CDATA in xml.. bad idea?
While working on a simple feed parser, I hit upon some wordpress feeds.
I noticed that wordpress feeds make heavy usage of CDATA to encode content. I always figured this was a bad idea if you cannot control what ends up in the xml feed. (Example here.).

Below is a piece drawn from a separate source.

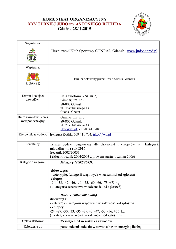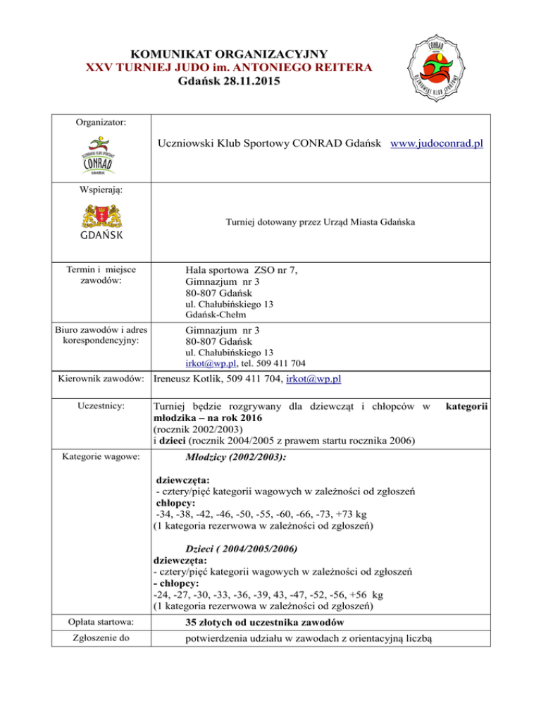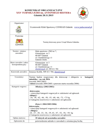 KOMUNIKAT ORGANIZACYJNY XXV TURNIEJ JUDO im. ANTONIEGO REITERA Gdańsk 28.11.2015 Organizator: Uczniowski Klub Sportowy CONRAD Gdańsk www.judoconrad.pl Wspierają: Turniej dotowany przez Urząd Miasta Gdańska Termin i miejsce zawodów: Hala sportowa ZSO nr 7, Gimnazjum nr 3 80-807 Gdańsk ul. Chałubińskiego 13 Gdańsk-Chełm Biuro zawodów i adres korespondencyjny: Gimnazjum nr 3 80-807 Gdańsk ul. Chałubińskiego 13 [email protected], tel. 509 411 704 Kierownik zawodów: Ireneusz Kotlik, 509 411 704, [email protected] Uczestnicy: Kategorie wagowe: Turniej będzie rozgrywany dla dziewcząt i chłopców w młodzika – na rok 2016 (rocznik 2002/2003) i dzieci (rocznik 2004/2005 z prawem startu rocznika 2006) Młodzicy (2002/2003): dziewczęta: - cztery/pięć kategorii wagowych w zależności od zgłoszeń chłopcy: -34, -38, -42, -46, -50, -55, -60, -66, -73, +73 kg (1 kategoria rezerwowa w zależności od zgłoszeń) Dzieci ( 2004/2005/2006) dziewczęta: - cztery/pięć kategorii wagowych w zależności od zgłoszeń - chłopcy: -24, -27, -30, -33, -36, -39, 43, -47, -52, -56, +56 kg (1 kategoria rezerwowa w zależności od zgłoszeń) Opłata startowa: Zgłoszenie do 35 złotych od uczestnika zawodów potwierdzenia udziału w zawodach z orientacyjną liczbą kategorii zawodów: zawodników prosimy przesyłać na meila [email protected] do 25.11.2015 roku Ważenie : WAGA- DZIECI - badania lekarskie w dniu zawodów godz. 9.00 –10.00 WAGA- MŁODZIK - badania lekarskie w dniu zawodów godz. 13.00 –14.00 Program zawodów: Losowanie i weryfikacja W dniu zawodów godz. 10.00. - 11.15 Walki eliminacyjne w kategorii dzieci po zakończonej weryfikacji. Otwarcie turnieju: Dzieci, młodzicy godzina 13.00 walki finałowe, dekoracja w grupie dzieci. Walki młodzików po zakończeniu dekoracji dzieci, ok. godziny 15.00 Ilość mat: System rozgrywek: Nagrody: Zawody przeprowadzone zostaną na czterech matach. Do dwóch walk przegranych, system grupowy do sześciu zawodników. Indywidualne za miejsca I, II, III,V dyplomy, medale, nagrody rzeczowe; Drużynowo za I, II, III,IV,V – puchary i w klasyfikacji łącznej medalowej. Złoto 5 pkt srebro 3 pkt brąz 1 pkt W systemie grupowym do sześciu zawodników: złoto 3 pkt srebro 2pkt brąz 1 pkt Sprawy sporne: W sprawach spornych decyduje sędzia główny zawodów i organizator.

Doing some googling to see if I'm not just kicking dust brought me to an xml.com article titled 'Escaped Markup Considered Harmful, which seems to agree with my standpoint for the following reason:
Escaping markup, particularly with CDATA sections, just doesn't work. There are other things that might be wrong that would make the documents not well formed. There are Unicode characters that are forbidden, there are encoding issues for the characters that are allowed, and there are sequences of characters that must be avoided. (e.g., "]]>"). Not to mention the fact that CDATA sections don't nest.
CDATA can't be used to just dump in any type of content that won't work in normal XML sections.. You're still obligated to make your data valid unicode. In fact, it's the opposite; There's no way you could ever escape the ]]> character sequence.